News Corp has filed a major lawsuit against Perplexity AI, claiming the startup is using its copyrighted material without permission. The media giant, which owns outlets like The Wall Street Journal and New York Post, says Perplexity’s “answer engine” is lifting and summarizing articles to deliver responses without directing users to original sources.
According to the lawsuit, this has cost News Corp significant ad revenue, as fewer people are visiting their websites as a result.

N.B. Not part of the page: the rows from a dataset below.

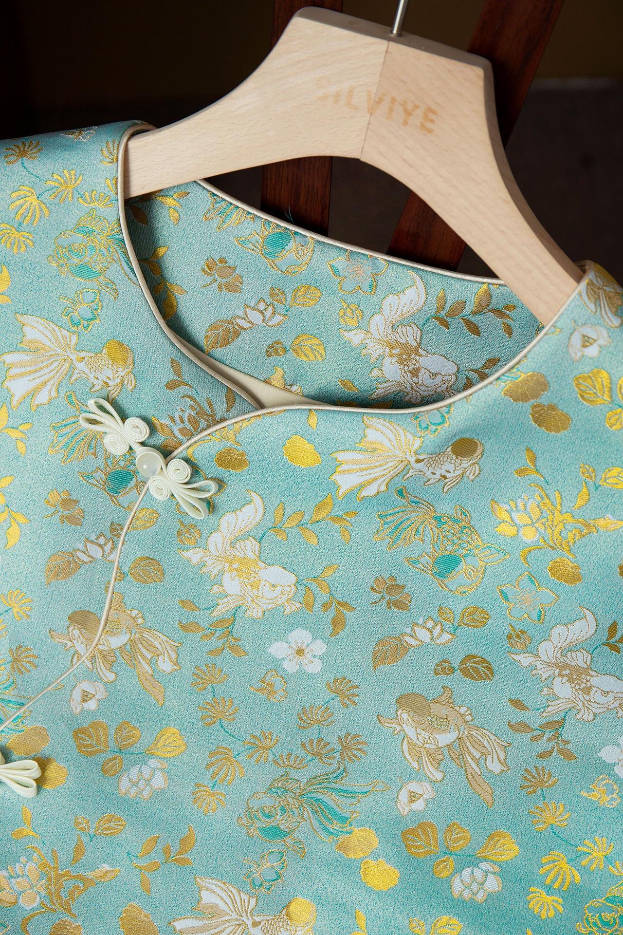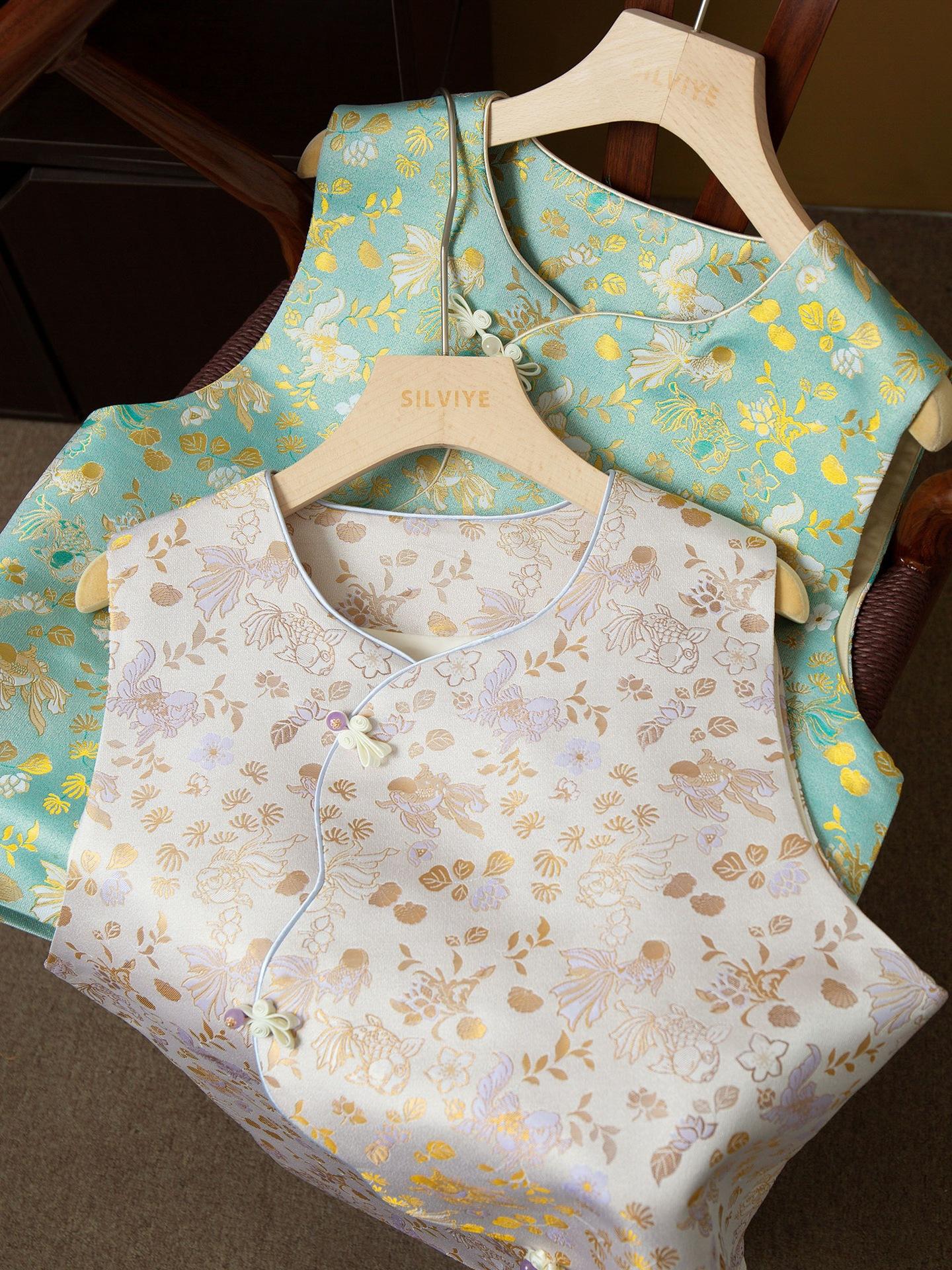 Resumir: Las telas de seda se encogen ligeramente, por lo que se recomienda elegir una talla un poco más suelta al comprar. |
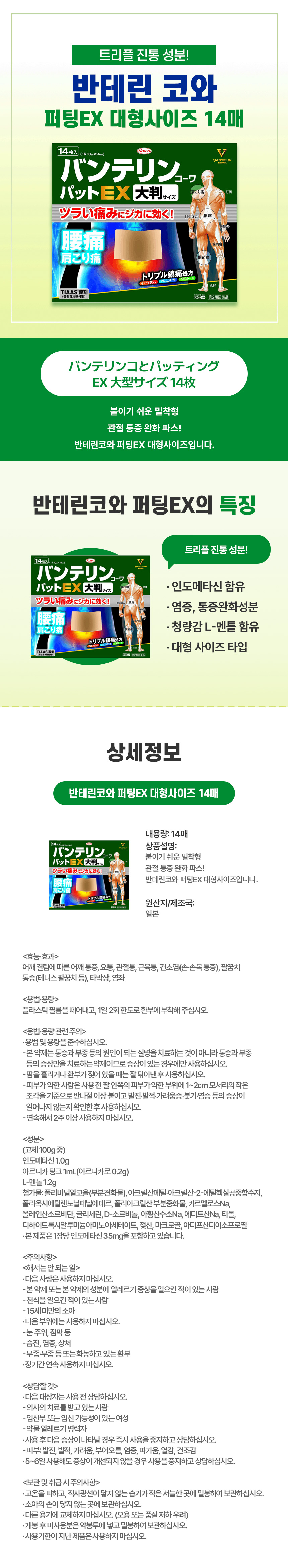 넓은 부위 강력 진통엔, 일본 직구 반테린코와 퍼팅EX 대형사이즈
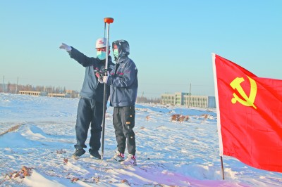 ▶11月8日,玉门市气温骤降,达零下20摄氏度。中铁二十一局二公司玉门经济开发区“一区三园”项目技术人员,顶风冒雪进行现场测量,为年底前完成既定建设目标提供有效数据。图为技术人员正在现场测量。
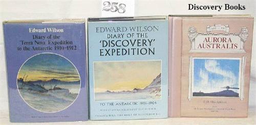 Wilson, Edward. DIARY OF THE DISCOVERY EXPEDITION TO THE ANTARCTIC REGIONS 1901-1904. London: 1966 416pp. Illus, color plates, maps. Cloth, very good in d/j. ….. with …… DIARY OF THE TERRA NOVA EXPEDITION TO THE ANTARCTIC 1910-1912. London: 1972 xxiii,279pp. Many illus. Incl. color. Cloth, very good in d/j…….. with …….. Shackleton, E. H. AURORA AUSTRALIS. England, Airlife 1988 Unpag. Cloth, vg in d/j. (3)
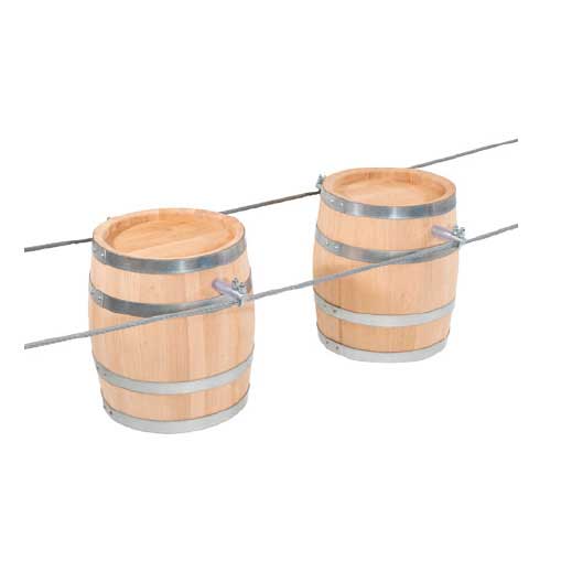 Installed on two wire ropes. The distance between the holes is 60 cm. Size of one barrel: 40 cm
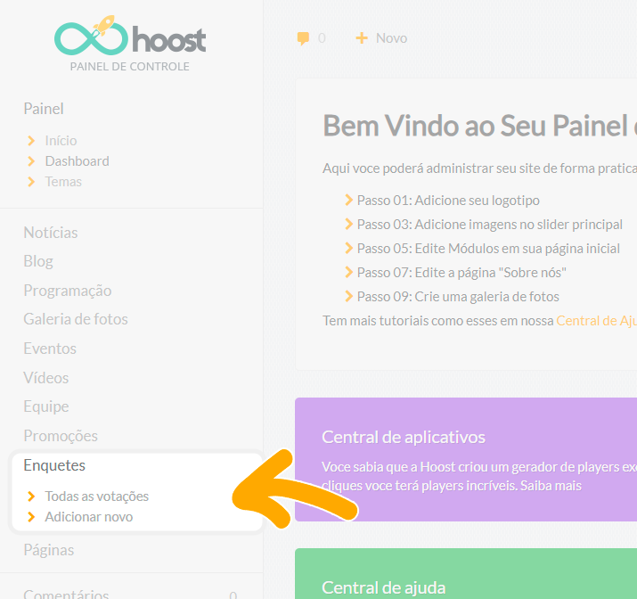 No menu lateral, clique em Enquetes.

The legal action comes at a time when tensions between AI companies and publishers are heating up over content usage practices, with news organizations accusing tech firms of “freeriding” on their hard work. In the case of Perplexity, News Corp is seeking up to $150,000 for every instance of infringement.
Perplexity’s Answer Engine Model
Perplexity AI provides a search engine experience where users get quick, concise answers without needing to visit individual web pages. The platform collects data from multiple sources, including news outlets, which are then summarized for the user. However, publishers like News Corp argue that this model robs them of web traffic and potential earnings.
Robert Thomson, the CEO of News Corp, blasted Perplexity’s approach, saying the company “wants to skip paying for content.” Thomson pointed out that while Perplexity may claim to respect copyright laws, its actions demonstrate otherwise. He further suggested that this case could lead to more lawsuits from other media companies feeling similarly slighted by AI-driven platforms.
Perplexity Faces Multiple Accusations
Perplexity AI is no stranger to controversy. Just last week, The New York Times demanded that Perplexity stop using its articles, accusing the startup of illegally scraping and summarizing content. The Times sent a cease-and-desist letter to Perplexity, with the possibility of further legal action if the issue isn’t resolved by the end of the month.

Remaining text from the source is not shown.